A começar pela carona. Alguns motoristas nem titubeavam: bastava um sinal positivo por entre o vidros da porta da frente e o tsssssssssss na pressão liberava a subida. Bom dia, o menino dizia. Entrando pela frente, bom dia mesmo. Quando não era assim, diziam somente que não. Mas havia aqueles que abriam a porta, cruéis de todo, analisavam o moleque e soltavam um “cê num acha que já tá muito grandinho pra entrar pela frente, não?”
Levemos em conta a hipótese de entrada de graça. Daí em diante, a conquista era outra: poder acomodar a mochila pesada – um livro pra cada matéria, coloridos, muitas páginas – no espaço que também necessitava de autorização. Em cima do capô que escondia o motor zuadento, no vão do pára-brisa ou no lado esquerdo do motorista, próximo das alavancas que abriam e fechavam as portas.
– Motô, posso colocar aqui?
A resposta era uma ação. Muitas vezes um menear de cabeça.
Se não se enganava, o motorista mais querido era Seu Joaquim, que ficara fincado na memória por causa da careca lustrada e do pedaço de um palito de dente – um pedaço mesmo, não inteiro – que fazia sambar com destreza por entre os lábios, girando, girando.
Seu Joaquim impassível e o mundo se acabando em aperto. Impávido. E ainda mandava uma parada brusca pouco depois de arrancar do ponto:
– Só vou sair daqui quando conseguir fechar a porta aí do fundo! Quero ninguém pendurado aí não – gritava, olhava pelo retrovisor, tsssssss pra fechar e a galera tomar susto, tssssss pra abrir, até que a massa se amoldava entre a porta traseira e a borboleta.

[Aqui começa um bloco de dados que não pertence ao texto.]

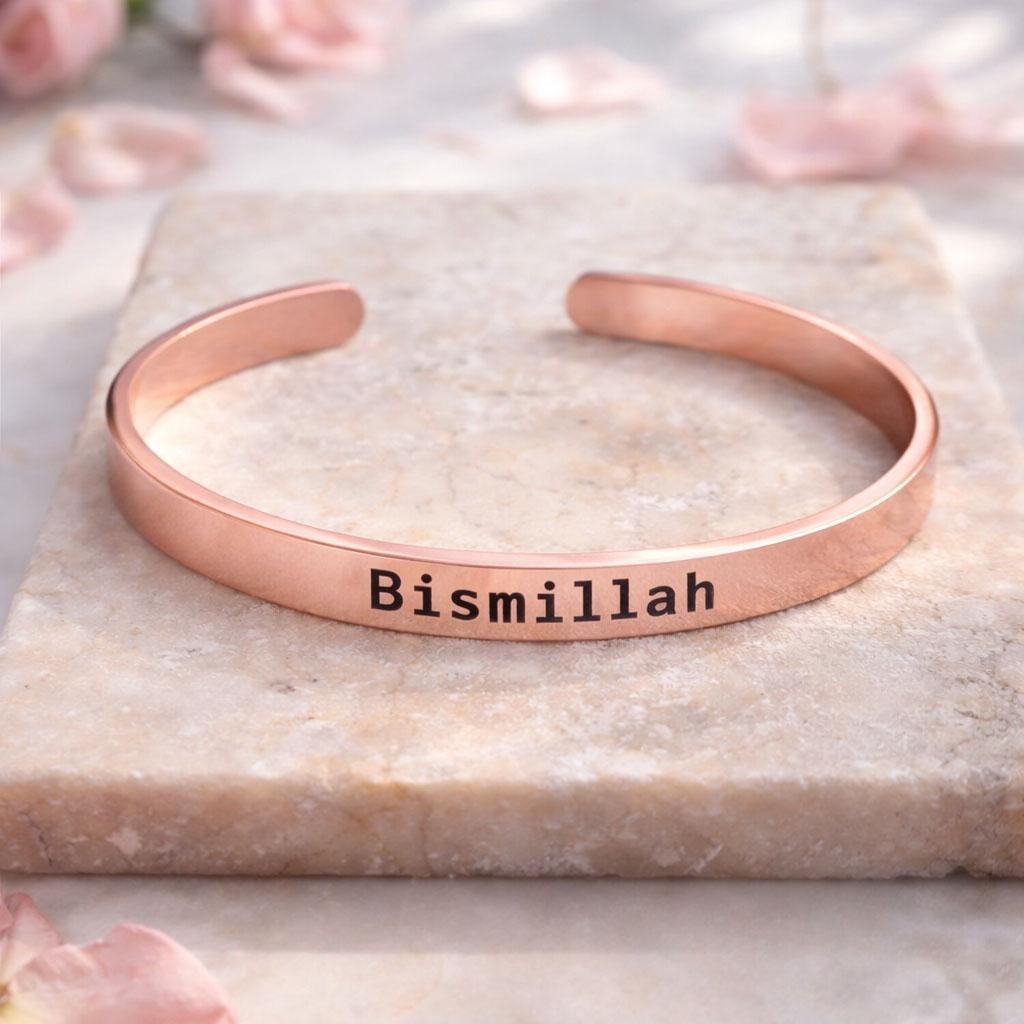 Expertly crafted and elegantly engraved, this minimalist cuff is designed for both men and women. Whether you are looking for a meaningful Ramadan gift or a spiritual accessory for yourself, this "Bismillah" (In the Name of Allah) bracelet is a timeless piece that complements any style.

O moleque pensava, a bunda esquentando no capô do motor estridente (“Posso sentar, motô?”). Via Seu Joaquim, tranquilão, cadeira acolchoada, cheio de mando, espaço de sobra em um ônibus que até pensamento brigava pra arrumar lugar, brincando com o palito de dente. Abandonava, então, sonhos de astronauta, médico, escritor.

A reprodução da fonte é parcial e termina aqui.